The April sky is brilliant.
Sun rays shimmer off the sea ice. I hold my harpoon at the ready, anticipating the emergence of a seal’s glistening head from the air hole. I concentrate, trying not to think of my gnawing insides or my wife back in our snow house, with our baby tucked in the warm amiut against her back.
We need food.
I haven’t been able to catch any seal or fish for weeks, held in our snow house by blowing blizzards, unable to follow the caribou inland across the tundra, and unable to come to the sea, where ice has buckled into treacherous ridges, making it impossible to navigate the shoreline.
I think of the seal, and my mouth floods, breaking my concentration. I must focus, keeping my eyes on the inky water, watching for tell-tale signs of an animal.
The sun hovers close to the horizon. Soon, it is too dark to see.

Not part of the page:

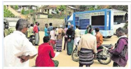
പ്രളയത്തെ അതിജീവിക്കുന്ന ഗൃഹനിർമാണ മാതൃകകളുമായി 'സുരക്ഷിതകേരളം' പ്രദർശനത്തിന്റെ ഭാഗമായി നടക്കുന്ന റോഡ് ഷോ

News published on 15<sup>th</sup> and 17<sup>th</sup> January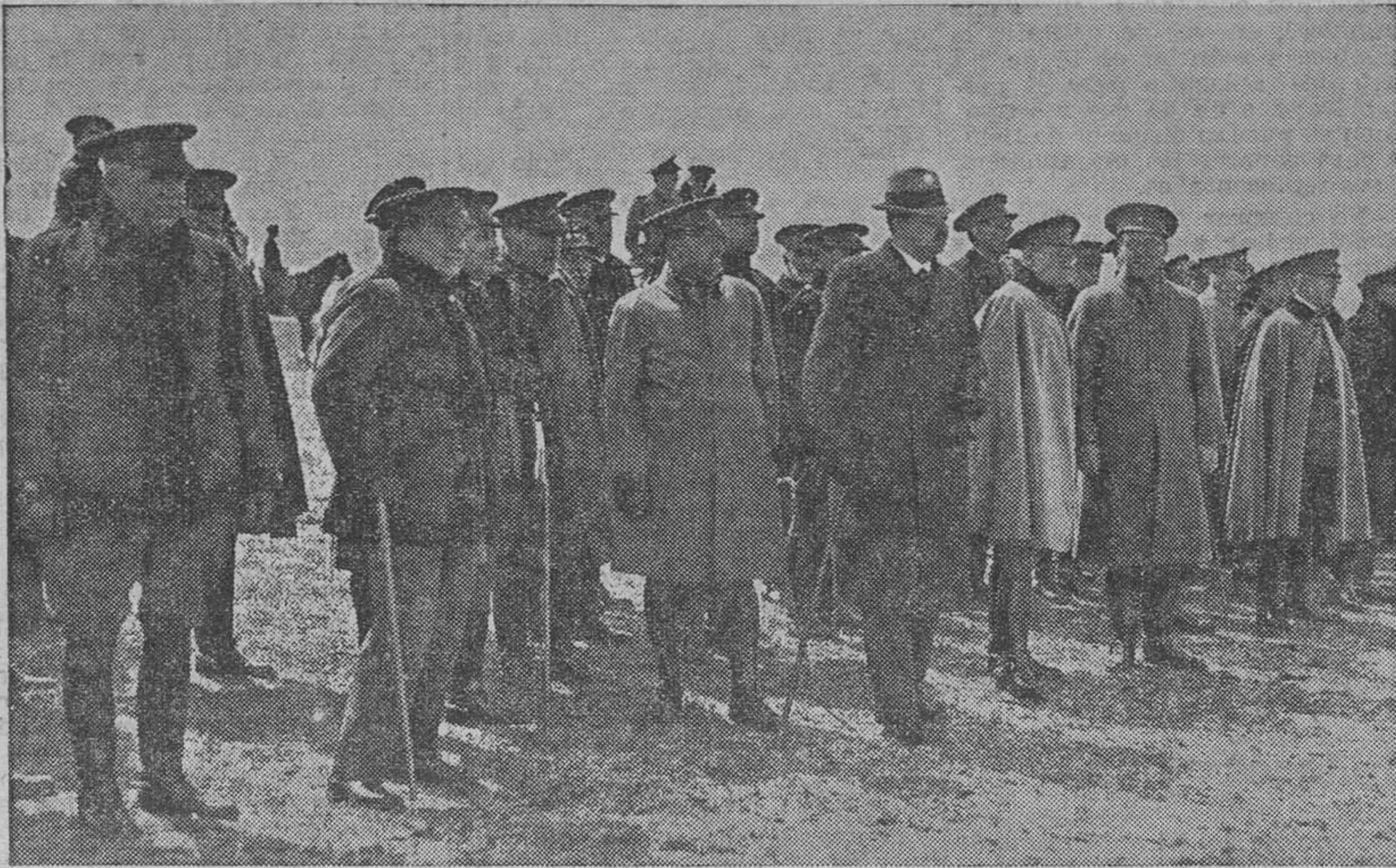
El ministro de la Guerra, con varios generales, presenciando las maniobras de Carabanchel

Además, que es inconducente obligar a salir a dicha vegetación en la forma que lo hace. Las Asociaciones protectoras de plantas debían tomar cartas en el asunto. Desde la Alameda se oían el otro día los lamentos y gritos de dolor que lanzaban las pobres plantitas que el año anterior quedaron en Llano del

“Amaruq.” Qamaniq whispers my name, and I pretend my belly is full for another night. Our baby plays on the caribou skin between us, his arms waving in the soft light from the qulliq.
In the morning, the men plan a fishing expedition. It is hoped we can get a whale.
Nauja suggests we ask the qallunaat God for success.
I have no belief in the qallunaat God. The black-robed priest from the land to the south tells us a man Jesus died on a tree. How can this be? I have never seen a tree taller than a wolf, my namesake. Our trees are mostly gnarled twigs, just wicks for lamps. I must not ponder this foolishness for too long. It will muddle my mind and confuse my ihuma. I cannot allow that to happen. I may trip and land on my spear or fall in a crevasse.
Some of the men bow their head while Nauja says some words. I take note of the clouds and a few gulls overhead.
Finally, we set out, intoxicated by hunger. We pull the umiak into the lane way of open water and several of us take up oars.
The black-robed man also told us he is a fisher of men. I give my harpoon a doubtful glance. Did he intend to lance us with the harpoon? The fish spear? What kind of God do the qallunaat serve?
The heaved and twisted ice recedes, and we dodge floes as we head for open water. The man in the bow watches for blowing spray, a shining swell, any sign of whale, while the rest of us row.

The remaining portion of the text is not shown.